Where the Domino Fell by James S. Olson & Randy Roberts

Where the Domino Fell by James S. Olson & Randy Roberts

Author:James S. Olson & Randy Roberts
Language: eng
Format: epub
Publisher: Wiley
Published: 2013-08-28T16:00:00+00:00


Over time, Komer worried more about the political consequences of American bombing and artillery fire in South Vietnam, especially as the number of accidental civilian deaths approached one million people. When the United States first entered South Vietnam, one of its supreme objectives had been to protect peasants from the depredations of the Vietcong. But instead of safety and security, the United States brought death, destruction, and homelessness on a wide scale, and it was easy for Vietcong and North Vietnamese propagandists to convince many peasants that their miseries came from the United States, not from the communists.

Adding to Washington's frustration over the government of Nguyen Cao Ky and Nguyen Van Thieu was their inability to reach an accommodation with the Buddhists. Both Ky and Thieu were Roman Catholics; both were drawn to the French; both were critical of Buddhist values; both were military officers. Led by Thich Tri Quang, the most prominent Buddhist monk in the country, northern Buddhists demanded a civilian government sympathetic to Buddhist culture and Vietnamese independence. The most prominent of the Buddhist dissidents was Nguyen Chanh Thi, the “Warlord of the North,” a close associate of Thich Tri Quang. Thi had risen through the ARVN ranks to become commander of I Corps in 1965. American marines in I Corps respected Thi for his courage and aggressiveness. In March 1966 Ky traveled to Hue for some military conferences, but Thi snubbed him, calling Ky “my little brother” and ridiculing him in public. Upon returning to Saigon seething with anger, Ky relieved Nguyen Chanh Thi of his command and put him under house arrest. It was just the signal the Buddhists had been waiting for. Thich Tri Quang organized widespread protest demonstrations throughout the northern regions of South Vietnam, claiming that the military government was capricious and dictatorial and calling for creation of a civilian, constitutional democracy. At the end of March, protesters seized the radio stations in Hue and Danang. Promising to “liberate Hue and Danang from the communists,” Ky led two Vietnamese marine battalions into Danang and waited for the protests to die out. When they did not do so, he attacked Danang and had to fight his way through ARVN troops still loyal to Thi. The battle, some of it house-to-house combat in Danang, lasted more than a week. In Hue demonstrators attacked the United States Consulate, and Ky had to take military control of the city early in June.

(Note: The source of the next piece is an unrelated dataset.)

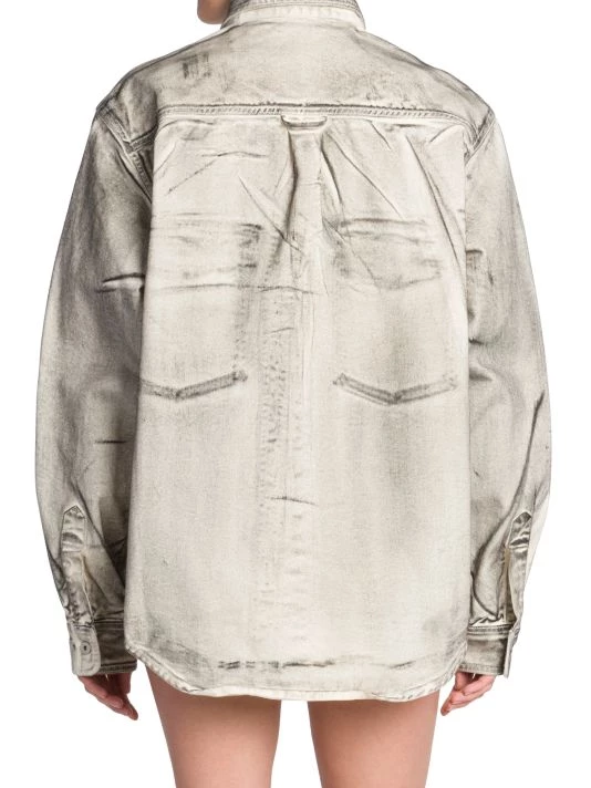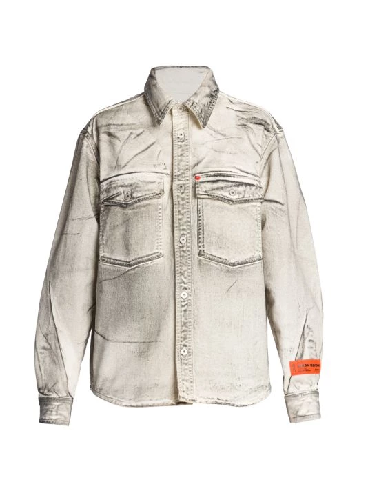 The Overdyed Spray shirt by Heron Preston is designed in an oversized silhouette with large flap pockets at the front chest.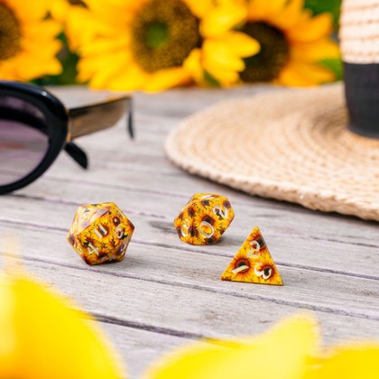 Jest takie miejsce, gdzie słońce nigdy nie zachodzi - nie dlatego, że wisi wysoko na niebie, lecz dlatego, że rozkwita na każdej ściance kostki. Słoneczniki wybuchają żywymi kolorami na każdym boku, a ich złote płatki rozciągają się ponad krawędziami, tworząc jedno, nieprzerwane pole w ruchu. To nie są zwykłe kostki. To skrawki wiecznego lata zaklęte w wielościanach.   Dzięki metodzie pełnokolorowego nadruku każda z kostek staje się miniaturowym obrazem - żywym, szczegółowym, nieustającym. Wzór naturalnie przechodzi z jednej ścianki na drugą, odzwierciedlając harmonię samej natury. W tym malowniczym krajobrazie wyróżniają się wyraźne cyfry w runicznej czcionce, łącząc funkcjonalność naszego najstarszego zestawu kości z czystym artyzmem nowego.   W zestawie znajdziesz 7 wielościennych kostek o niezrównanej jakości. Dopracowane, trwałe i przyciągające wzrok, są stworzone do częstego rzucania i nieskończonego podziwiania. Niezależnie od tego, czy jesteś graczem, kolekcjonerem, czy po prostu miłośnikiem piękna, te kostki oferują więcej niż mechanikę - oferują inspirację.

The civil war in Danang and Hue in 1966 raised more doubts in the United States about Nguyen Cao Ky. Breaking the back of the Buddhist political movement had been expensive, especially in American public opinion. American troop levels were approaching 300,000, casualties were mounting, and now television was broadcasting images of South Vietnamese fighting South Vietnamese. Relative casualty figures were also affecting American public opinion. By the end of 1965 there were supposedly 514,000 men serving in the South Vietnamese armed forces along with 184,000 Americans. In 1966 more than 6,000 American soldiers died in Vietnam, as did nearly 12,000 South Vietnamese soldiers.